Un inventaire de première passe est forcément incomplet, surtout dans un contexte de croissance. Le Centre pour la cybersécurité permet d'exclure certains actifs du périmètre d'application des contrôles, mais impose deux conditions strictes : toute exclusion doit être documentée avec une justification claire du motif d'exclusion, et l'acceptation du risque doit être reconnue, pas seulement oubliée.

On doit aussi rester attentif aux exigences légales québécoises qui recoupent ces contrôles. Selon la FCEI, la Loi 25 impose des obligations spécifiques aux PME, notamment la désignation d'une personne responsable de la protection des renseignements personnels et la tenue d'un registre des incidents de confidentialité. Bien que l'inventaire TI (OC.2) et le registre des renseignements personnels soient des actifs documentaires distincts, ils doivent être cohérents. Par exemple, une évaluation des facteurs relatifs à la vie privée (ÉFVP) est exigée avant de communiquer des renseignements personnels hors du Québec, ce qui nécessite de savoir quel service infonuagique (SaaS) traite ces données. Un audit régulier des processus de collecte et de stockage est également requis par les experts juridiques (BCLP).

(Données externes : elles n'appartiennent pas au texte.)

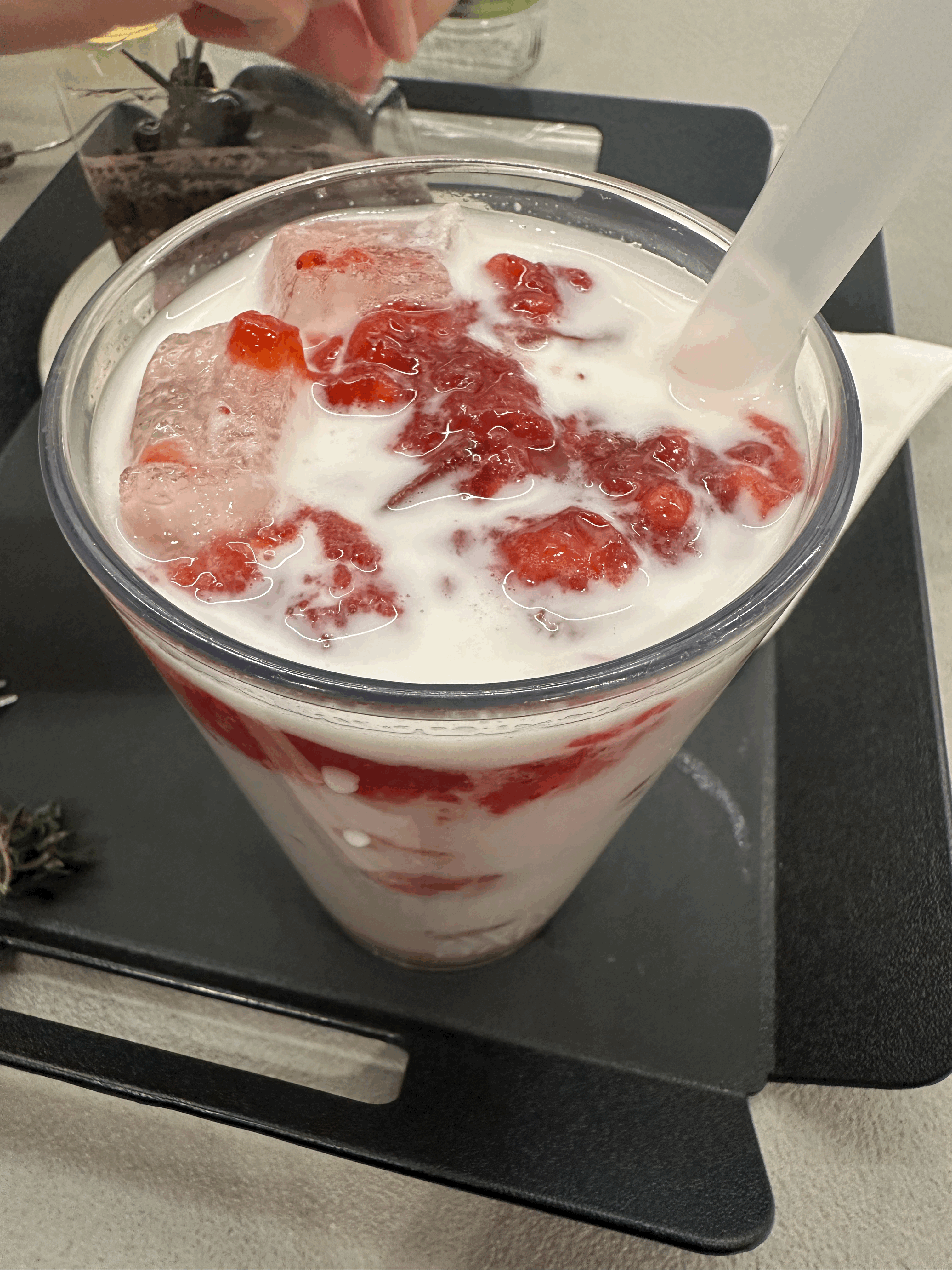 딸기라떼에 딸기청이 진짜 많이 들어가 있어서 진짜 달고 맛있었어요.

Enfin, notez que la baseline du CCCS partage le même titre que la norme nationale CAN/CIOSC 104:2021. Les textes publics consultés ne tranchent pas formellement s'il s'agit du même document sous deux noms, un site secondaire présente les deux cadres comme complémentaires. Le Conseil des normes générales du Canada (DGSI) a d'ailleurs lancé une maintenance périodique pour la norme CAN/DGSI 104 en 2025.

Aide-mémoire : synthèse opératoire

L'objectif final de cette séance de travail est de produire quatre livrables concrets qui serviront de fondation à la posture de sécurité de l'entreprise :

  • Liste d'actifs validée : incluant le matériel (ordinateurs, serveurs, mobiles), les logiciels et les comptes de services infonuagiques (SaaS).
  • Registre des exclusions : documentant les parties des systèmes hors périmètre avec une justification métier et une acceptation du risque par la direction.
  • Note de cadrage CID : une confirmation documentée que le niveau de préjudice potentiel pour les actifs critiques est majoritairement évalué comme "moyen" ou inférieur.
  • Tableau d'écarts : une identification claire des contrôles de la baseline non encore implantés, accompagnée d'un engagement à des améliorations progressives (OC.5.4).

La cybersécurité n'est pas une approche unique ou figée; elle doit être adaptée aux besoins réels et critiques de chaque organisation. Cet inventaire constitue le premier pas indispensable pour passer d'une gestion réactive à une stratégie de protection structurée et mesurable.